Extracted records
○ ○ ○ ○ ○ ○ ○
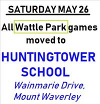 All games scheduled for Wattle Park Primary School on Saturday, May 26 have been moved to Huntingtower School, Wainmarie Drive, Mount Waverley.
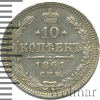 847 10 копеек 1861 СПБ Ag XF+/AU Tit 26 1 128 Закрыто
○ ○ ○ ○ ○ ○ ○
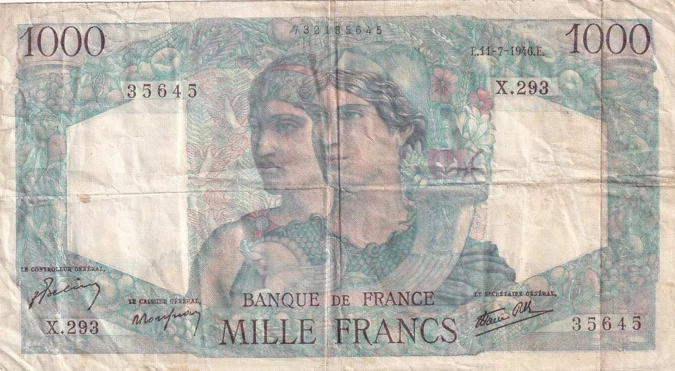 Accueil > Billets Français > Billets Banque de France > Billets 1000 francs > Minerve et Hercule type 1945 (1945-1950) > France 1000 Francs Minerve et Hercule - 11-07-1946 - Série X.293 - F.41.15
○ ○ ○ ○ ○ ○ ○
What you have to do
Go to the line above that contains "All games scheduled" and reproduce everything exactly from there through the line that contains "847 10 копеек", leaving out the pictures.

Exercise answer
 All games scheduled for Wattle Park Primary School on Saturday, May 26 have been moved to Huntingtower School, Wainmarie Drive, Mount Waverley.
 847 10 копеек 1861 СПБ Ag XF+/AU Tit 26 1 128 Закрыто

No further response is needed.